_Task brief:_
Pictures in the data should be dropped; transcribe exactly the lines from the one that has "Monthly mosquito abundance" through the one that has "Hadoop HDFS(分布".

*** Data extracts Section Begins ***

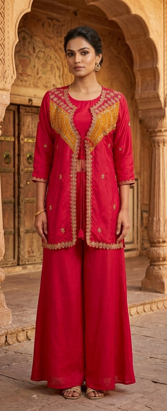Ethereal Kurti Sharara Set with Scalloped Dupatta
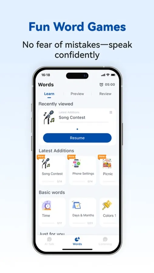 >>Gamified Vocabulary Learning: Fun and engaging exercises for memorizing words and mastering sentence patterns.
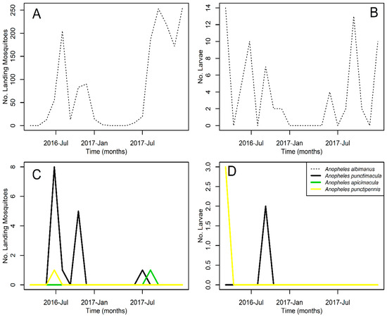 Monthly mosquito abundance time series (A) Anopheles albimanus adults (B) Anopheles albimanus larvae (C) Less common Anopheles spp. adults (D) Less common Anopheles spp. larvae. Adults were sampled by human landing catch, and larvae using a dipper. Collected Anopheles spp. are presented in the inset legend of panel (D). All time series correspond to the studied period, from May 2016 to December 2017. For further details about the sampling, please refer to the mosquito sampling section in the methods.
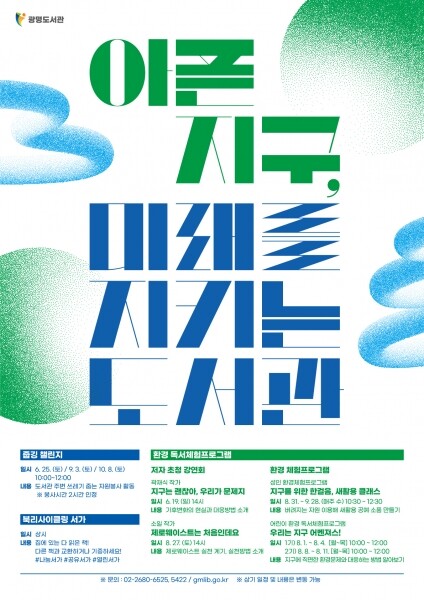 광명도서관 관계자는 “‘아픈 지구, 미래를 지키는 도서관’은 기후위기의 심각성과 환경보호의 필요성을 인식하는 계기를 마련하고 일상 속 지속가능한 친환경 실천 방안을 제시하기 위해 기획됐다”며 “앞으로도 시민들의 많은 참여를 바란다”고 전했다.
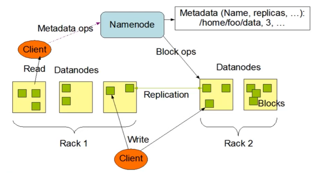 Hadoop HDFS(分布式文件系统),主节点进程(Namenode,存储元数据,文件的目录结构,不同节点之间的负载容量的计算),子节点(Datanode,多个,客户数据存储的地方),如图所示为一个客户端在上传文件时(下方的橙色的Client),将两个文件块上传到两个节点中去,然后文件块再创建对应的副本。HDFS和Ceph都属于大容量分布式存储,但是其实现思想方法和优缺点各有不同,怎么选择和结合使用要到后面有机会再详细介绍。
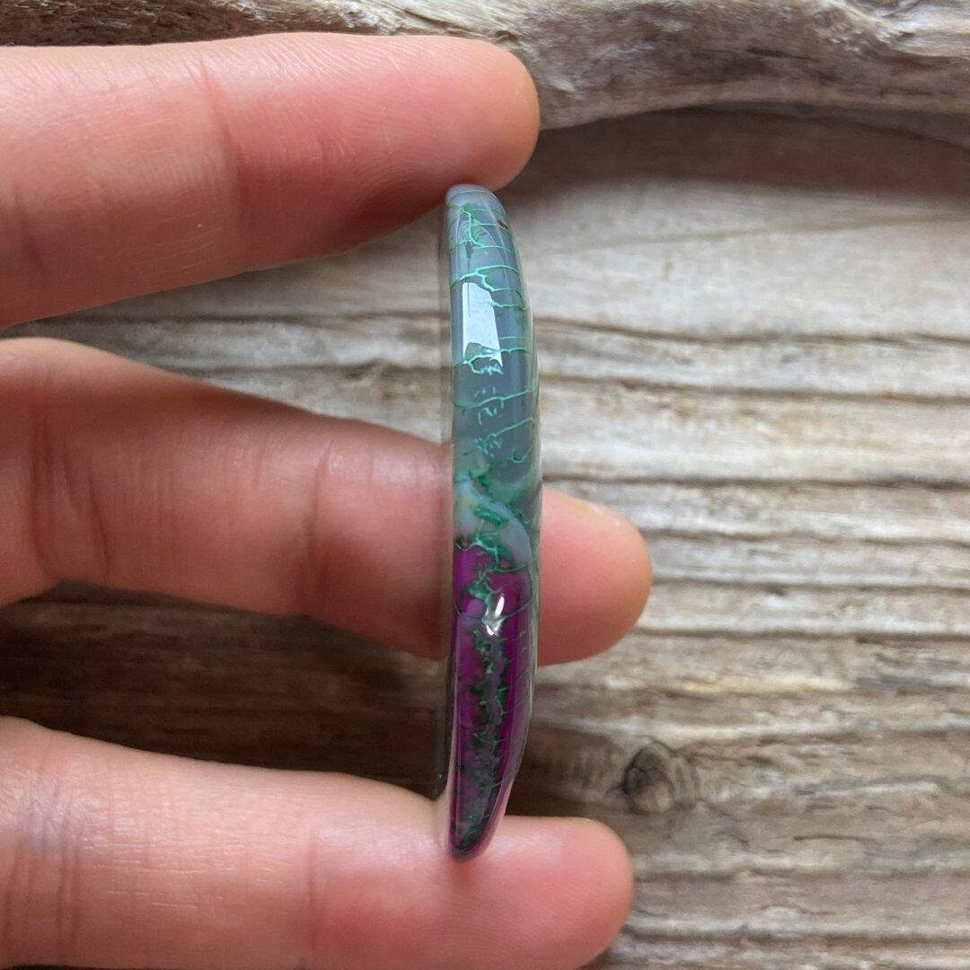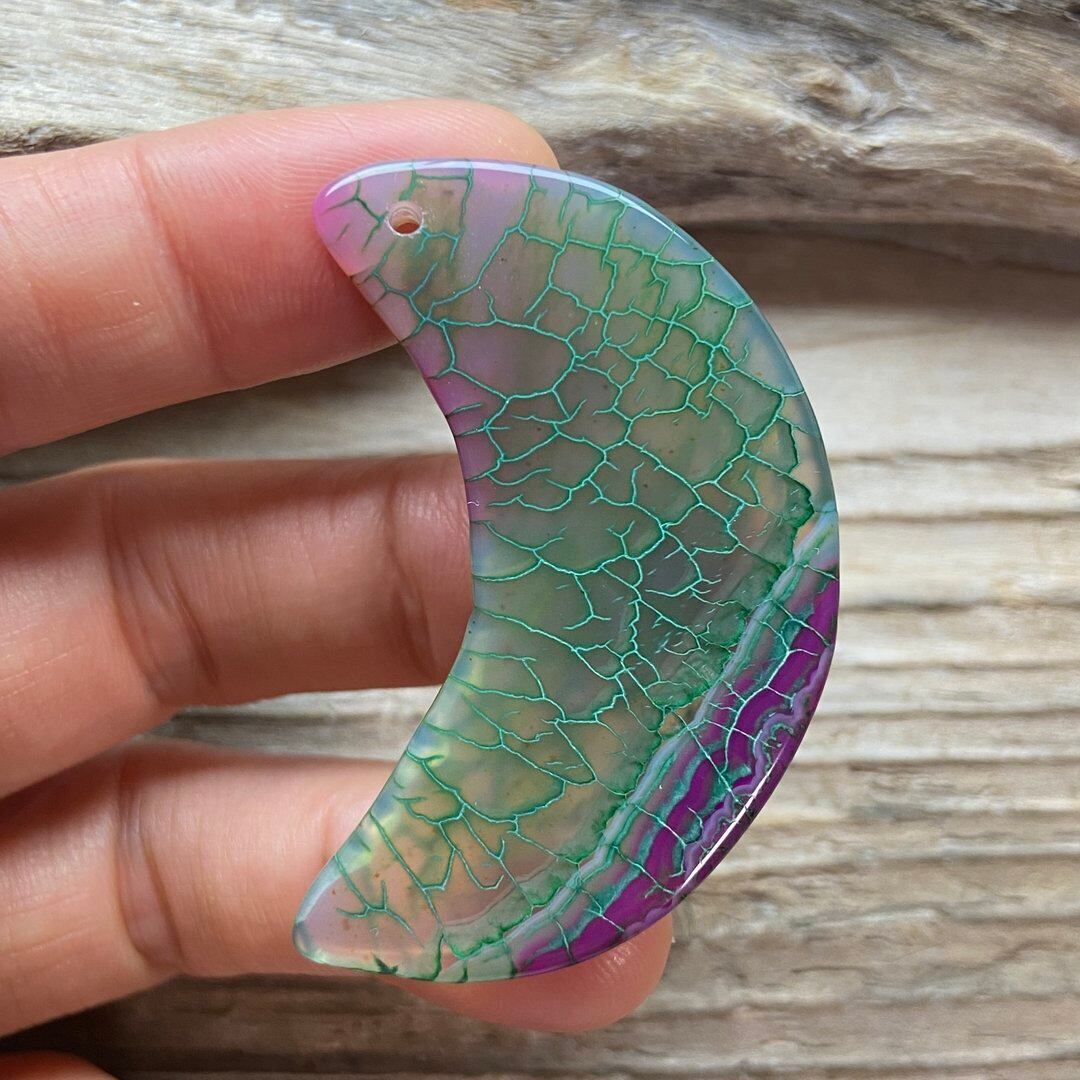 こちらのアゲートの模様は、竜の鱗の様に見えることから『ドラゴンベイン』や『ドラゴンヴェインズ』と呼ばれるクラック加工がされており、カラフルな色味は染色によるものです。

*** Data extracts Section Ends ***

_Written response:_
 Monthly mosquito abundance time series (A) Anopheles albimanus adults (B) Anopheles albimanus larvae (C) Less common Anopheles spp. adults (D) Less common Anopheles spp. larvae. Adults were sampled by human landing catch, and larvae using a dipper. Collected Anopheles spp. are presented in the inset legend of panel (D). All time series correspond to the studied period, from May 2016 to December 2017. For further details about the sampling, please refer to the mosquito sampling section in the methods.
 광명도서관 관계자는 “‘아픈 지구, 미래를 지키는 도서관’은 기후위기의 심각성과 환경보호의 필요성을 인식하는 계기를 마련하고 일상 속 지속가능한 친환경 실천 방안을 제시하기 위해 기획됐다”며 “앞으로도 시민들의 많은 참여를 바란다”고 전했다.
 Hadoop HDFS(分布式文件系统),主节点进程(Namenode,存储元数据,文件的目录结构,不同节点之间的负载容量的计算),子节点(Datanode,多个,客户数据存储的地方),如图所示为一个客户端在上传文件时(下方的橙色的Client),将两个文件块上传到两个节点中去,然后文件块再创建对应的副本。HDFS和Ceph都属于大容量分布式存储,但是其实现思想方法和优缺点各有不同,怎么选择和结合使用要到后面有机会再详细介绍。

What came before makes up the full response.